[WORK INSTRUCTIONS]
Wherever a picture appears in the data below, omit it, and restate everything else word for word.

[INFORMATION SUPPLIED]

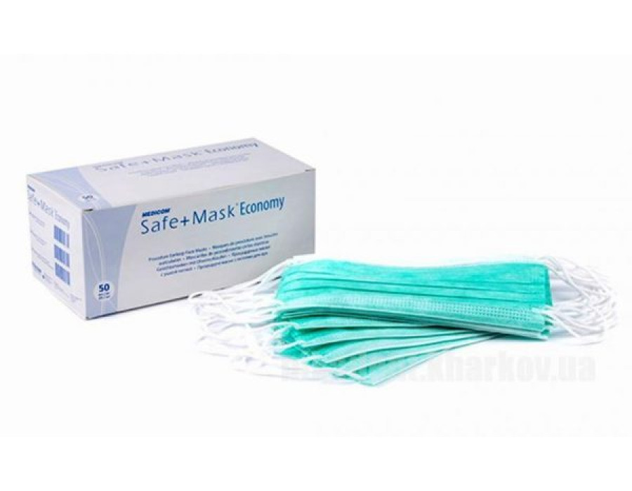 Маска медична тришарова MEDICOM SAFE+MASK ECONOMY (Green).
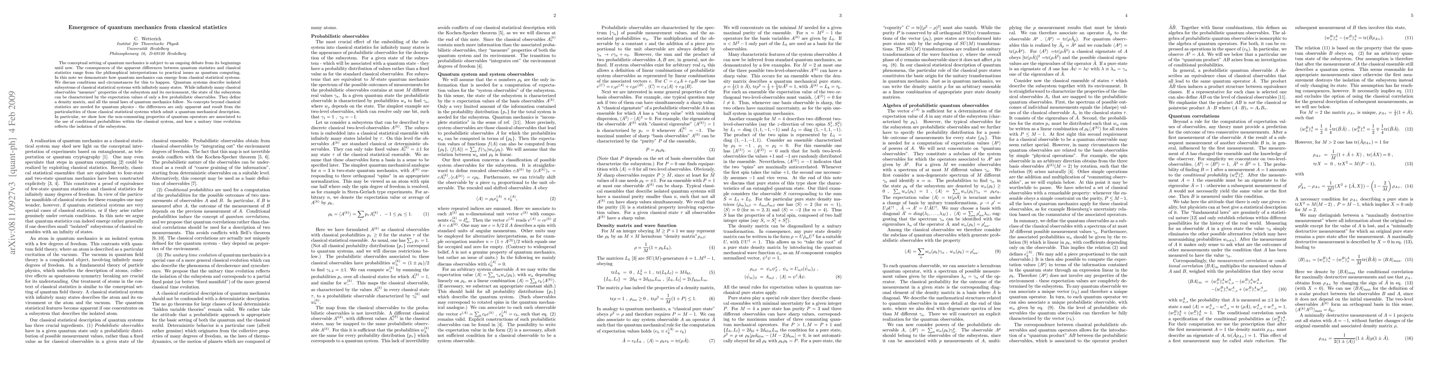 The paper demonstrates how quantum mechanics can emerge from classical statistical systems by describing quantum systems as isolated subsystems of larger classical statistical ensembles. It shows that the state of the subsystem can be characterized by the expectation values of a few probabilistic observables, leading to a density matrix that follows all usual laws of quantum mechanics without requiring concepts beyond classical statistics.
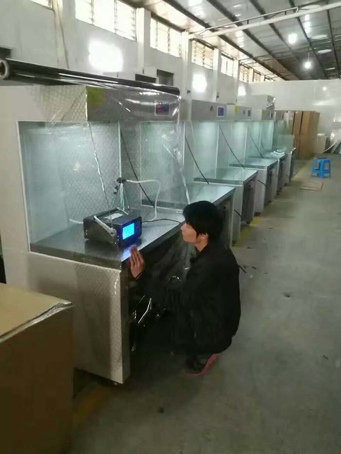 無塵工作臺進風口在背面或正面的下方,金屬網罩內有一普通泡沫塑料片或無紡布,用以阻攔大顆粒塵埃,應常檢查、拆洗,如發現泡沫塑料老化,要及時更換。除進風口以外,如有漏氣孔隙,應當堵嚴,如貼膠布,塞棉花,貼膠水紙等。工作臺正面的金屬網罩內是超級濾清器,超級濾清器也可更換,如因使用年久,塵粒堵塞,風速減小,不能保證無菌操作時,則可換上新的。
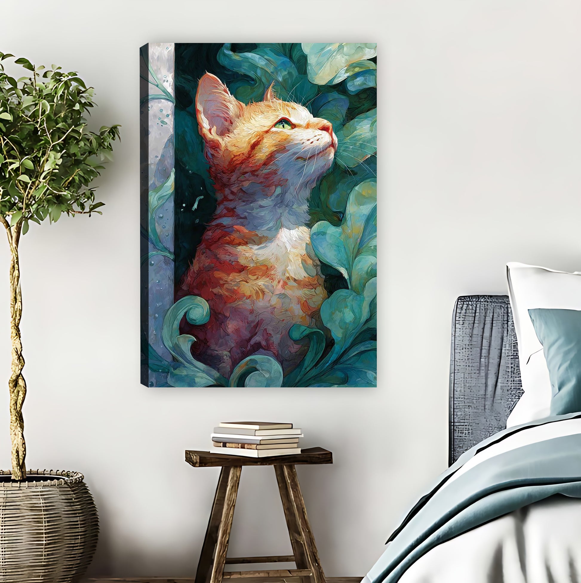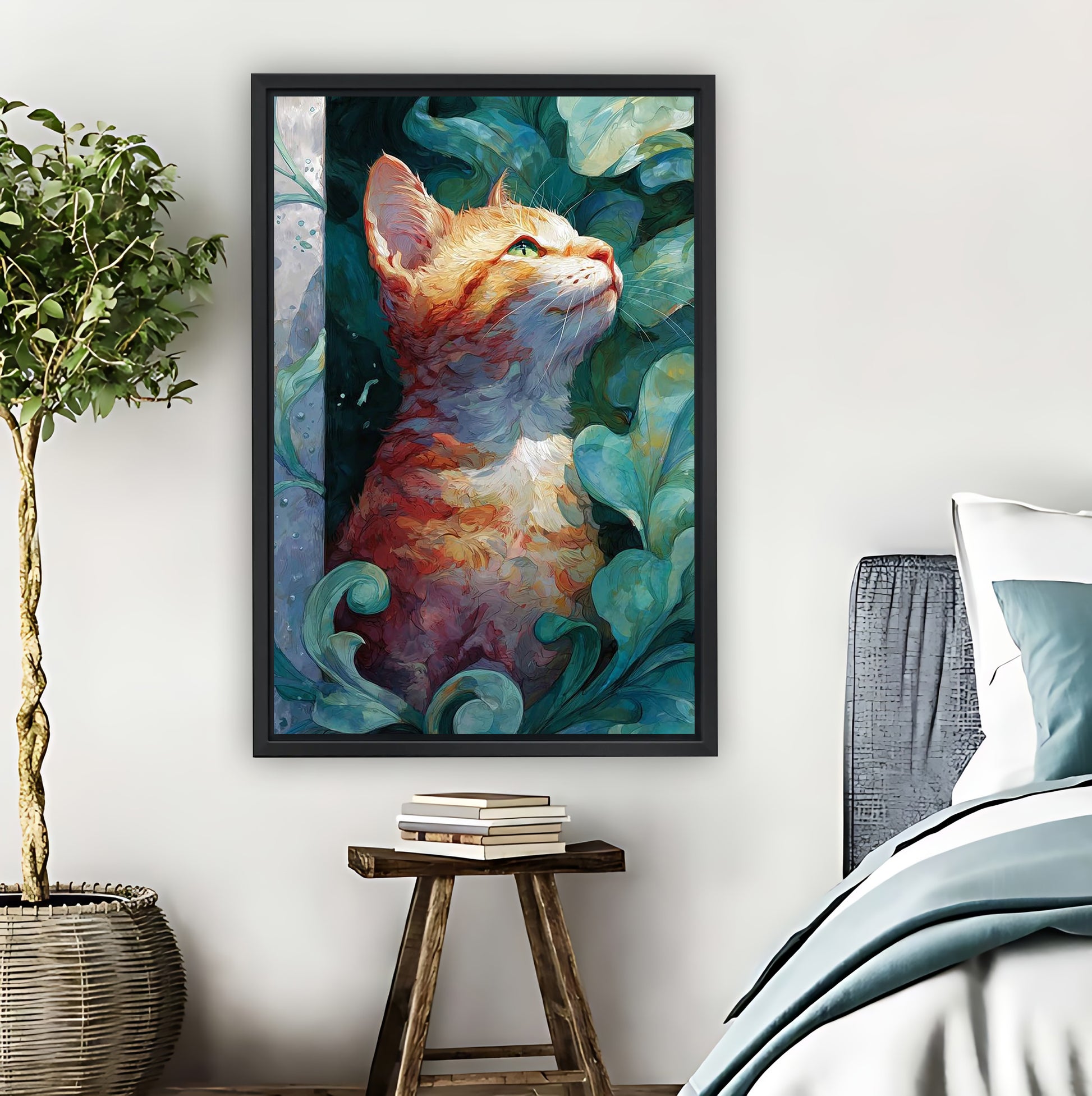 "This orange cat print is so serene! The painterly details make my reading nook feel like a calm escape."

[OUTPUT OF THE EXERCISE]
 Маска медична тришарова MEDICOM SAFE+MASK ECONOMY (Green).
 The paper demonstrates how quantum mechanics can emerge from classical statistical systems by describing quantum systems as isolated subsystems of larger classical statistical ensembles. It shows that the state of the subsystem can be characterized by the expectation values of a few probabilistic observables, leading to a density matrix that follows all usual laws of quantum mechanics without requiring concepts beyond classical statistics.
 無塵工作臺進風口在背面或正面的下方,金屬網罩內有一普通泡沫塑料片或無紡布,用以阻攔大顆粒塵埃,應常檢查、拆洗,如發現泡沫塑料老化,要及時更換。除進風口以外,如有漏氣孔隙,應當堵嚴,如貼膠布,塞棉花,貼膠水紙等。工作臺正面的金屬網罩內是超級濾清器,超級濾清器也可更換,如因使用年久,塵粒堵塞,風速減小,不能保證無菌操作時,則可換上新的。
 "This orange cat print is so serene! The painterly details make my reading nook feel like a calm escape."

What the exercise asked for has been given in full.